Ключ от пианино — страница 11 из 36

Скажите мне, что за проклятие тяготеет над нами, когда мы расстаемся в первую очередь с тем, что насущнее хлеба, тяжелее всего и всего буквальней, – с книгами, тетрадями, фотоальбомами? Почему именно их бережливый бес подсказывает первыми уложить в коробки, рассортировать и заклеить скотчем, чтоб потом перепутать номера и забыть непременно, куда засунул бесценную книгу, – ту, которую сейчас, именно этой ночью, приспичило возжелать?

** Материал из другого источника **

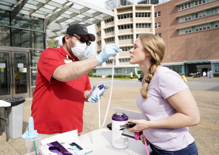 An important part of VUMC’s response to COVID-19 has been the willingness of employees to pitch in wherever needed as the situation changed —including the parking valet attendants training to take temperatures of employees as they come to work. VUMC Valet attendant Richard Alicea performs a temperature screening on employee Logan Decker, DVM. Photo by Donn Jones. A story about the valet attendants and their new role is here.
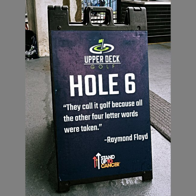 ![]() Despite the rain golfing at the stadium was fun with some humor mixed in for good measure. Related Links: For more information on UPPER DECK GOLF and the other organizations mentioned please visit the following links - Upper Deck Golf | Nissan Stadium | Stand Up To Cancer
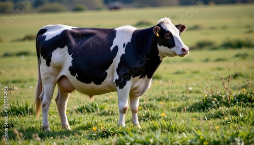 cow, feature, black, white, its, young, standing, lush, green, pasture, scattered, small, yellow, flower, distinctive, coat, patch, covering, part, face, body, background, show, gentle, rolling, hill, clear, sky, ai, generative

Кто ж виноват, скажет рассудительно совесть, и к тому же, добавит она, ты знаешь, что делать: возьми, открой Интернет − все уже давно отсканировано, все отцифровано в мировой библиотеке – зайди туда-сюда, набери название. Да, но понимаешь, не хочу я в файле, хочу мою, МОЮ, на той хрупкой желтой бумаге, в порванном переплете, с пятнышком от черничного варенья, ту, где девочка переходит мостик через реку, пятнадцатая глава. Хочу черно-белую пленку фотографий и блокнот «Carpe Diem» с кармашком, куда была отправлена навсегда стая визитных карточек неизвестного уже назначения.

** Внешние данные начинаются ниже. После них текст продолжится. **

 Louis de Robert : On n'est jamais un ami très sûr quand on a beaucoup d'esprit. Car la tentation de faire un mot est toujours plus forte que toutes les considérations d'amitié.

Сухой лист платана стал закладкой в свадебном фотоальбоме, шелудивый плюш которого я тщетно пытаюсь сейчас нащупать, запустив руку в пронумерованную коробку Б34//Книги. Будут ли мои дети листать это все? Зачем я везу, укладываю, надрываюсь, для кого? Для них или для себя?

Для себя, конечно, истерически смеется Настасья Филипповна и кутается в черную греческую шаль.

Книги недоступны, Интернет отключен, пианино замуровано в гараже, под рукой валяется самое необходимое – и самое ненужное, два полюса одной планеты, одного дома, которому суждено вот-вот исчезнуть, полностью перейти в прозу или распасться на стихи.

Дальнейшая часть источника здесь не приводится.